Records from a collection:
◇ ◇ ◇ ◇ ◇ ◇ ◇

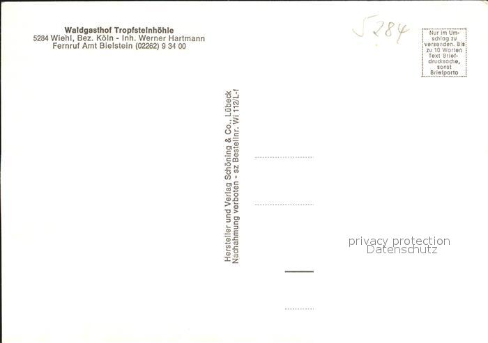 72449232 Wiehl Reichshof Waldgasthof Tropfsteinhoele postalisch nicht gelaufen Erhaltung siehe scans KatCode: 11110005374040
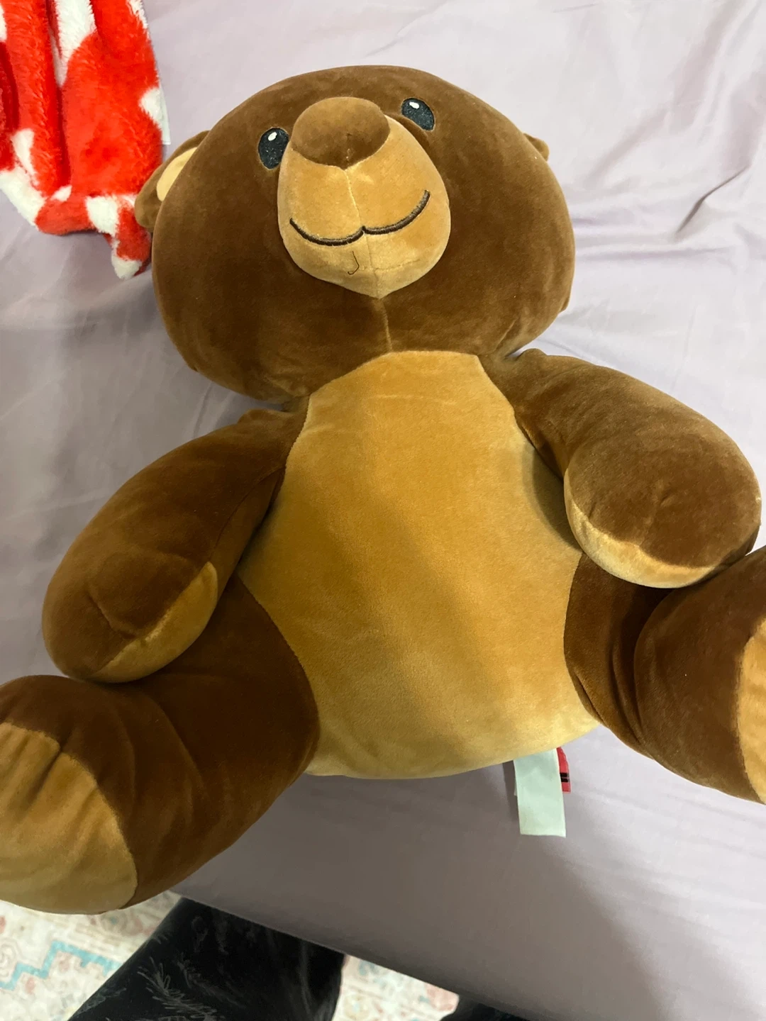 Super soft brown teddy bear plush toy. It has a tan belly and cute embroidered facial features. This huggable friend is perfect for playtime or as a comforting companion.
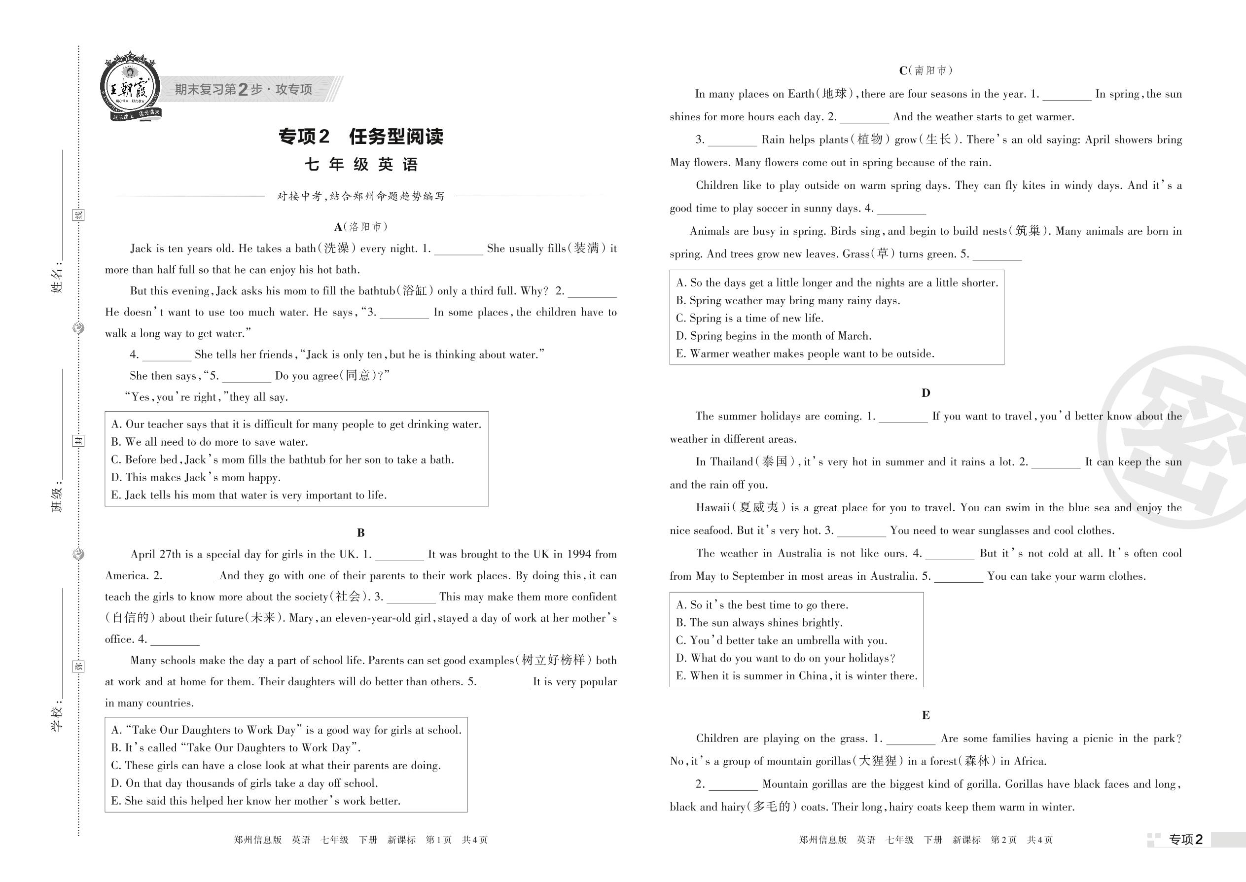 王朝霞期末专项卷——任务型阅读七年级下册英语(新课标版)【2】
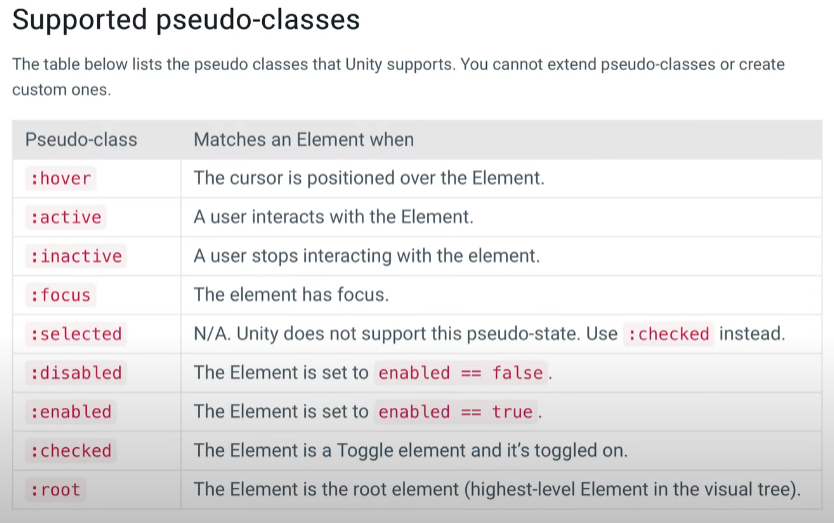 유니티가 제공하는 Pseudo 클래스로 버튼이 이벤트에 반응하도록 해보자. 스타일 클래스와 Pseudo 클래스의 차이는 아래와 같다.
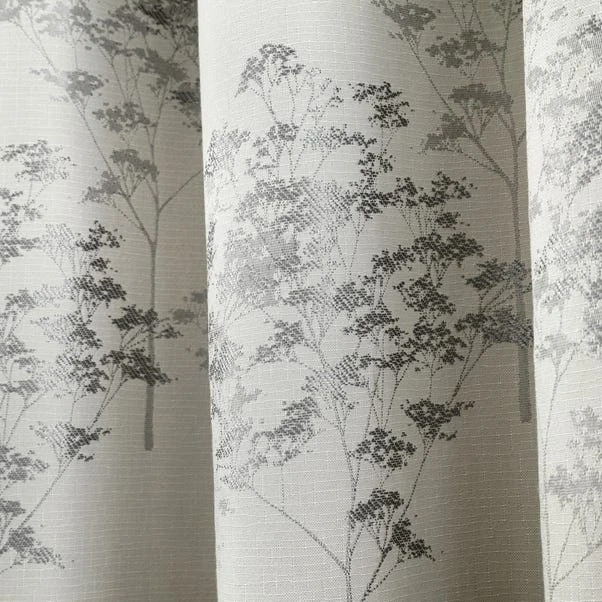A subtle metallic sheen gives this heavyweight jacquard fabric a quality, contemporary feel. With its natural stone coloured woven background and fine silver foliage detailing, this pair of curtains will bring a real texture and depth to a range of interior layouts. It is finished with a chrome eyelet heading allowing for easy installation and a full, undulating drape, and is fully lined for improved insulation and light filtration. A matching cushion is also available, making it easier to create a stylish, coordinated look.
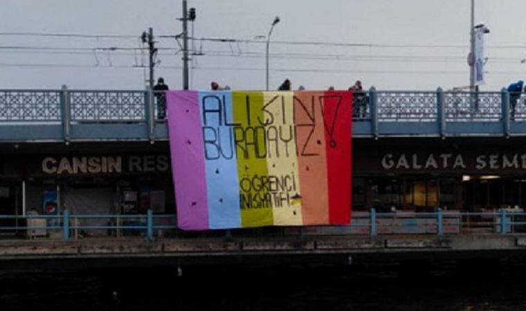 Öğrenci İnisiyatifi adlı kuruluş, Galata Köprüsü'nde LGBTİ+'yı temsilen gökkuşağı renklerini taşıyan ve "Alışın buradayız!" yazılı bayrak sallandırdı.
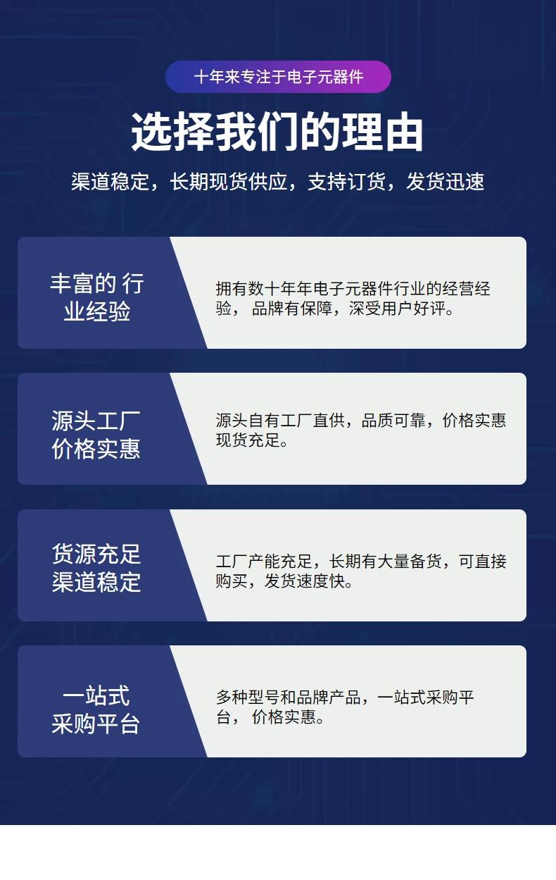 1: Devido à grande variedade de produtos eletrônicos, grande tráfego, forte sazonalidade e falta de estoque do fabricante, alguns itens não foram colocados nas prateleiras ou atualizados a tempo. Por favor, nos perdoe. Por favor, pergunte à nossa empresa se há estoque ao comprar, e ambas as partes conversarão. Para evitar problemas desnecessários para você devido à falta de estoque!2: Como as condições de mercado mudam a cada dia e os preços dos componentes eletrônicos flutuam muito, os preços marcados nos produtos desta loja não são preços reais (os preços estão sujeitos a consulta). Por favor, me perdoe se houver alguma imprecisão. Obrigado pela sua cooperação!3. Os preços dos nossos produtos são todos exclusivos de impostos. Se você precisar de uma fatura de imposto, entre em contato conosco.Precauções:1. As condições de mercado mudam todos os dias, portanto, consulte a cotação do dia para saber o preço.2. Quando o comprador receber a mercadoria, por favor, verifique cuidadosamente a embalagem externa. Se quaisquer sinais óbvios de danos forem encontrados, você pode se recusar a aceitá-la.3. O comprador deve abrir o pacote na frente do entregador para determinar se a aparência do produto está danificada e verificar a quantidade. Se houver algum problema, entre em contato com o gerente da loja no local. Depois de assinar o produto, será considerado sua aprovação da aparência e quantidade do produto.4. Produtos que foram colocados na máquina ou desembalados e não podem ser vendidos novamente não podem ser devolvidos ou trocados. Nossa empresa não será responsável por quaisquer perdas causadas pela logística durante o processo de devolução ou troca. Por favor, esteja avisado. Obrigado pelo seu apoio.

◇ ◇ ◇ ◇ ◇ ◇ ◇

What is needed: Go from the first line of the data above to the line containing "유니티가 제공하는 Pseudo" and retype exactly those lines, both included, but none of the pictures.

Answer space:
 72449232 Wiehl Reichshof Waldgasthof Tropfsteinhoele postalisch nicht gelaufen Erhaltung siehe scans KatCode: 11110005374040
 Super soft brown teddy bear plush toy. It has a tan belly and cute embroidered facial features. This huggable friend is perfect for playtime or as a comforting companion.
 王朝霞期末专项卷——任务型阅读七年级下册英语(新课标版)【2】
 유니티가 제공하는 Pseudo 클래스로 버튼이 이벤트에 반응하도록 해보자. 스타일 클래스와 Pseudo 클래스의 차이는 아래와 같다.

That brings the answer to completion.